Page 1 of 1

trying to create high-quality tiff from PDF for OCR, but it's too resource intensive!

Posted: 2015-04-23T21:38:38-07:00
by ninjaaron
Hi. I'm trying to do OCR on some large PDFs (hundreds of pages), and to do that, I need to convert all the pages to images. imagemagick, amiright?

I started out with a command like this:

Code: Select all

convert some-doc.pdf some-folder/%03d.tiff
This worked. slowly but surely. However, the resulting images are pretty low-quality. I'd like to give the OCR scanner (`tesseract`) something better to work with.

I found a command like this:

Code: Select all

convert -density 400 some-doc.pdf -resize 25% some-folder/%03d.tiff
Such a command had apparently worked well for others. However, my files are fairly large, and my laptop only has 4G of RAM and an Ivy Bridge Core i3 @ 1.4 GHz. After ~9 minutes, the computer begins to drag, and finally the kernel kills the process before everything crashes.

Is there a way to do the same thing one page at a time or something else that won't crash my computer?

The script is in bash so far, but I can write python if that makes a difference (never used PythonMagick, but how hard can it be?)

Re: trying to create high-quality tiff from PDF for OCR, but it's too resource intensive!

Posted: 2015-04-24T03:21:10-07:00
by magick
Add -limit memory 20MB to your command line, right after the 'convert'. It will still be slow, but it will mostly process from disk rather than memory. If that fails, add -limit map 50MB in addition to the previous -limit option.
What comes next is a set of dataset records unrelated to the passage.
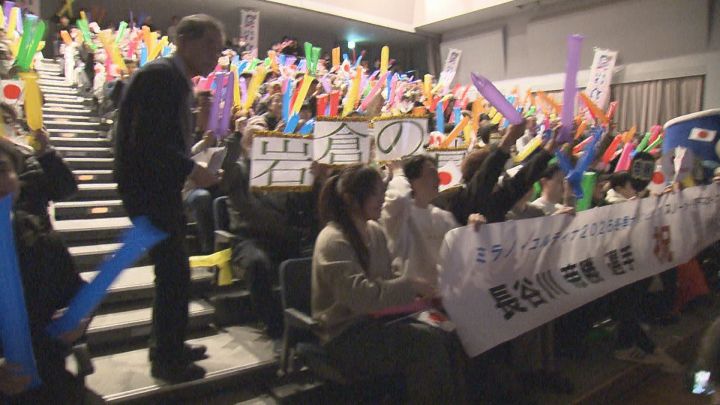 長谷川選手の地元・岩倉市ではパブリックビューイングが開かれ、同級生などおよそ500人が声援を送りました。
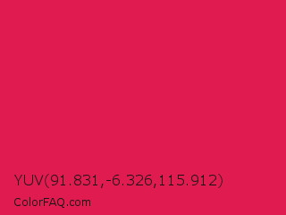 YUV 91.831,-6.326,115.912 Color is a normal rose color and the nearest color is Spanish Crimson #e51a4c. Hex code #e01b4f and RGB value is rgb(224,27,79). In RGB color space, this color is composed of 88% red, 11% green, 31% blue, In CMYK color space, this color is composed of 0% cyan, 88% magenta, 65% yellow , 12% black , In HSL color space, this color has a hue angle of 344° , 78% saturation and 49% lightness.
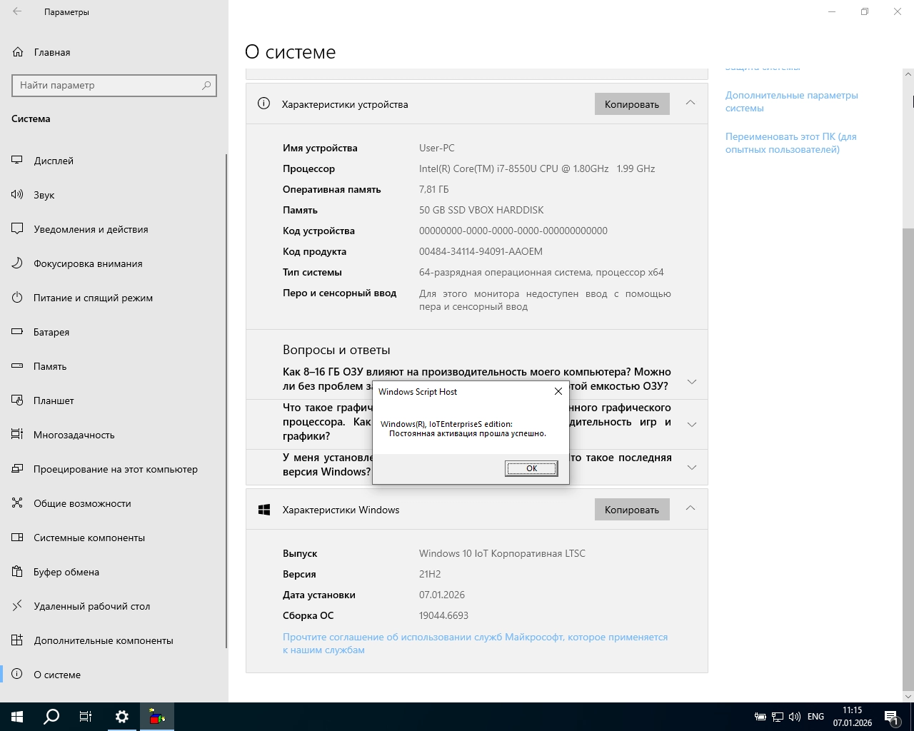 21H2 64-х битная ОС Windows 10 [LTSC] Корпоративная IoT LTSC 2021 (не имеет "магазина" по умолчанию).
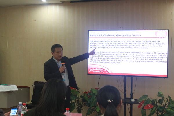 AWC万象城娱乐物流学院副教授、常务副院长王勇展示了其论文“自动化仓库仿真系统在选址优化中的应用”的主要研究内容。王勇副教授简单介绍了自动化仓库的组成和它在空间利用,货物存取,减少劳动力,提高物流运作效率等方面存在的优势。具体讲解了自动化仓库仓储流程和分配原则并通过建立模型来找出实体之间的相关属性,并进行研究分析,最后利用案例分析来解决实际问题。他说:“自动化仓库作为现代物流技术的典型代表,是机械、电子、计算机、通信、自动化控制和感应器的组合,它已经逐渐成为现代分配、生产、仓储的主要物流设施。可以说,自动化仓库在现代物流中扮演着一个重要的角色。”
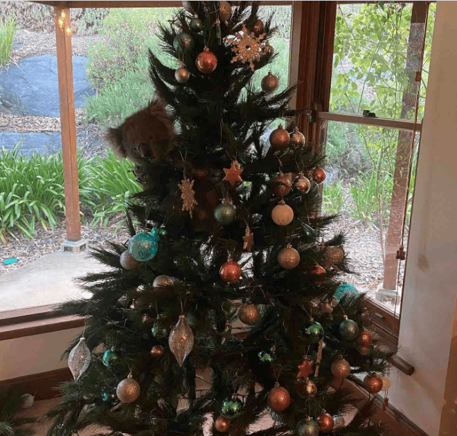 Um coala real estava alojado na árvore de Natal na sala de estar! Sem dúvida não é algo comum nem mesmo na Austrália.
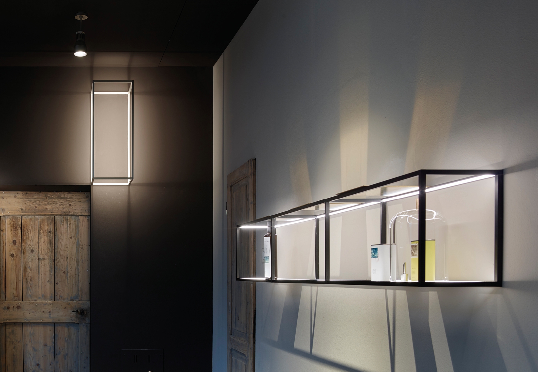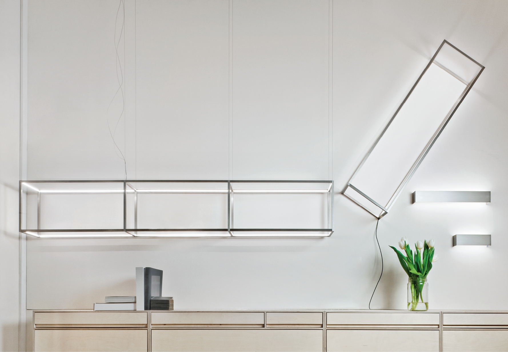 apparecchio di illuminazione da soffitto, parete, tavolo, terra e sospensione per interni IP20. realizzato in estruso di alluminio ossidato di sezione 13x13mm. composto da profili ciechi o chiusi a 45° da un diffusore estruso in policarbonato satinato della stessa lunghezza del profilo con aletta antiabbagliamento 4mm. modelli: 13° angolo 500mm, 1000mm, 2000mm o 3000mm fino a 39W 3744lm, 13° angolo 01 210x297x630mm, 22,5W 2160lm, 13° angolo 02 210x297x1050mm, 33W 3168lm, 13° angolo 03 210x297x1864mm, 47W 9600lm, 13° angolo sospensione 210x297x1864mm, 96W 9600lm, sospeso tramite otto cavi di acciaio 3000mm. cablato con sorgente elettronica lineare con limitatore di corrente integrato 3000K Ra95 13W/m. alimentatore in tensione costante 24Vdc escluso, da installare remoto in modello 13° angolo e 13° angolo sospensione, alimentatore a spina in modelli 13° angolo 01, 13° angolo 02 e 13° angolo 03. accessori: ripiani, campane in vetro e, solo per modello 13° angolo sospensione, rosoni di alimentazione, cassaforma scomparsa totale laterizio e cartongesso per cavo di alimentazione e rosone con alimentatore 220-240V 50Hz. finiture: acciaio acciaio e nero55. personalizza la tua luce vai su www.Viabizzuno.com
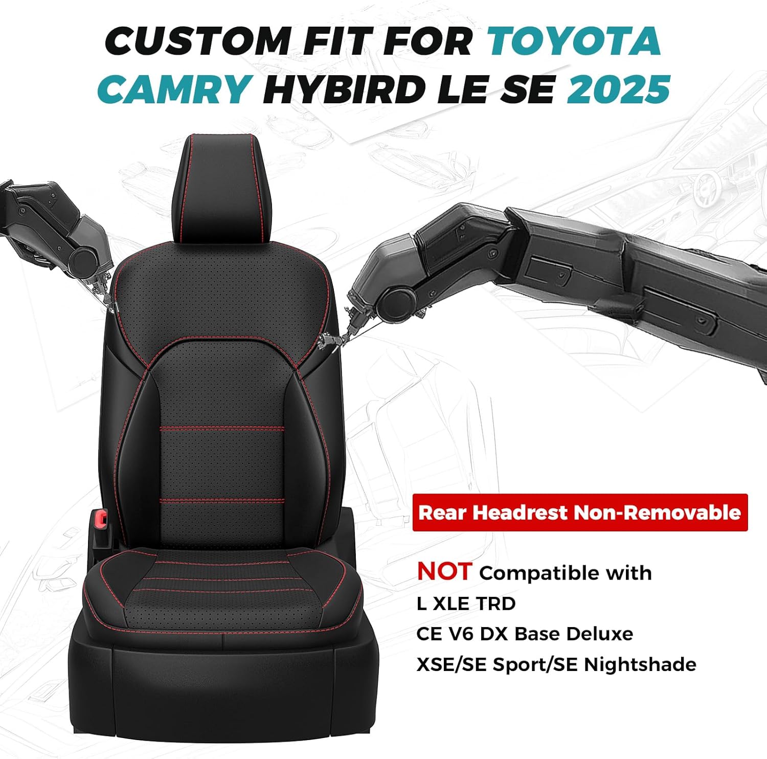 - 【Custom Car Seat Covers 1:1】: Precisely cut and custom tailored to camry seat covers for a glove-like fit. Exclusively fit for Toyota Camry Seat Covers LE SE 2025. Since they have the same or similar seat size. (Non-Removable Rear Seat Headrest, NOT Fit for XLE XSE)
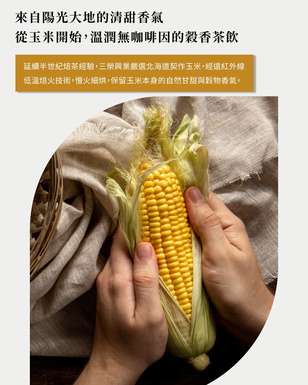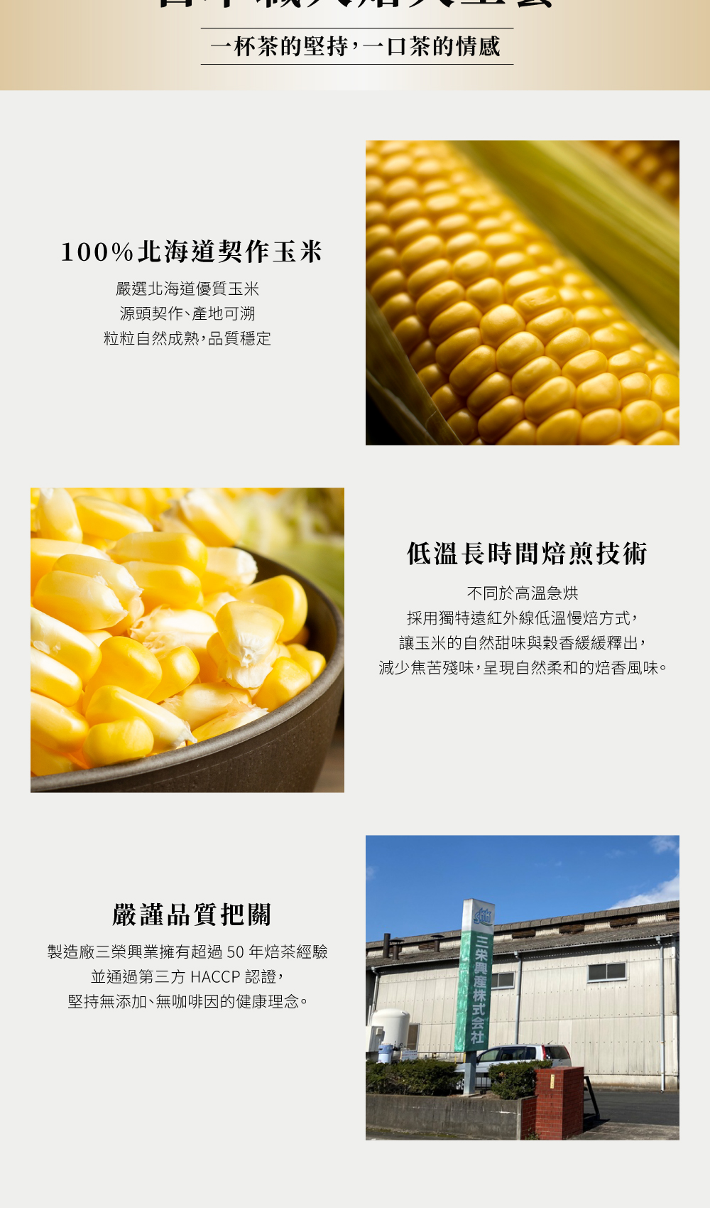延續半世紀焙茶經驗,三榮興業嚴選北海道契作玉米,經遠紅外線低溫焙火技術,慢火細烘,保留玉米本身的自然甘甜與穀物香氣,沖泡後茶湯淡黃透亮,入口柔和滑順,回甘悠長,是日常補水、飯後解膩的最佳選擇。無咖啡因、無糖、無香料,全齡皆宜。

Re: trying to create high-quality tiff from PDF for OCR, but it's too resource intensive!

Posted: 2015-04-24T06:03:25-07:00
by snibgo
Typically, PDFs contain text as text. They may also contain raster images of text.

If you use IM, this will convert each page to a raster image that you can then OCR. I can't imagine why you would want to do that. It would seem more logical (using less resources) to use a tool (eg pdftotext) that extracts the text directly from the PDFs.

If you want the raster images that are contained in the PDFs, "pdfimages" may be an more logical tool.